The BJP-AIADMK alliance is pushed to its limit as the Jayalalitha Effect takes over

AIADMK general secretary Jayalalitha Jayaram is no C.V. Raman or Chandrasekhar but political circles in Chennai are grappling to understand "the Jayalalitha Limit and Jayalalitha Effect" which have put the Vajpayee government in a spot. The Jayalalitha Limit has a very low threshold and its cardinal character is impulsiveness. No one knows exactly how soon she will reach her limit of BJP tolerance. The Jayalalitha Effect has three major characteristics: to erase the dividing line between the ruling party and the ruling government; to bridge the difference between the functioning of the government, executive, legislature and judiciary; and finally, to make an individual's wish the nation's command.

The AIADMK is not only keeping the Central government on edge with veiled threats of withdrawing support, but it is also embarassing the BJP by demanding the resignation of all chargesheeted ministers in the Central government, including home minister L.K. Advani. So we have ministers from the ruling front issuing threats to each other. What is worse, the AIADMK is simultaneously trying to work out a deal with Sharad Pawar. Whether this is just a ploy to pressurise the BJP is not clear.

However, AIADMK leaders are only too keen to provide the arithmetic of a Congress-led coalition. They point out that the numbers game would come into play should Jayalalitha feel that the BJP is not complying with her demands. The calculation is: the Congress can muster up 196 MPs. If the AIADMK and its allies, numbering 27, join the front, the tally goes up to 223. The Left Front with 48 seats is expected to support a Congress-led government to keep the BJP out of power. Which means the tally would be 271, reducing the BJP and its allies to a minority. Hence, the Hobson's choice before the BJP: either to break the other parties to increase its support base or to succumb to all the demands of Jayalalitha.

Right now her sole agenda is the dismissal of the DMK government. And she wants it to happen before the Election Commission issues the notification for the Rajya Sabha elections from Tamil Nadu in the second week of May. At present, the DMK has no representation in the Upper House. But given its strength in the state assembly, it is certain that the DMK will win five seats, with the sixth one going to the Tamil Maanila Congress. It also means that minister of state for finance R.K. Kumar, a crucial man in the government for the party, will not be renominated.

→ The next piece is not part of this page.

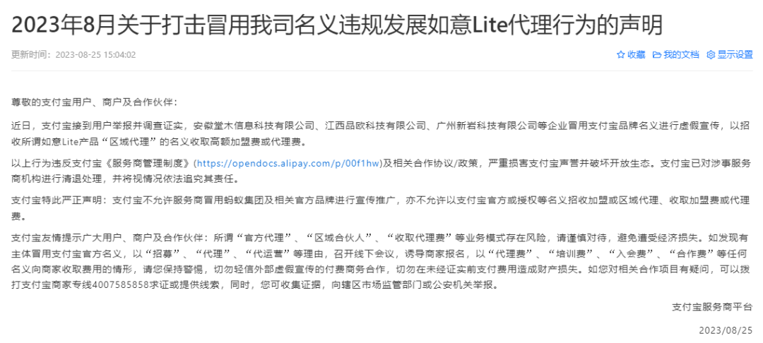 日前,支付宝发布了“2023年8月关于打击冒用我司名义违规发展如意Lite代理行为的声明”。

Unlike her first protest where she delayed her letter of support to Atal Behari Vajpayee for a week, her present sulking bout has been more ominous and volatile. Her irritation stems from the fact that when Tamil Nadu chief minister M. Karunanidhi visited New Delhi two weeks ago, Vajpayee and the home minister L.K. Advani were more than cordial in their reception, with the former asserting that he would not use Article 356 to dismiss the DMK government.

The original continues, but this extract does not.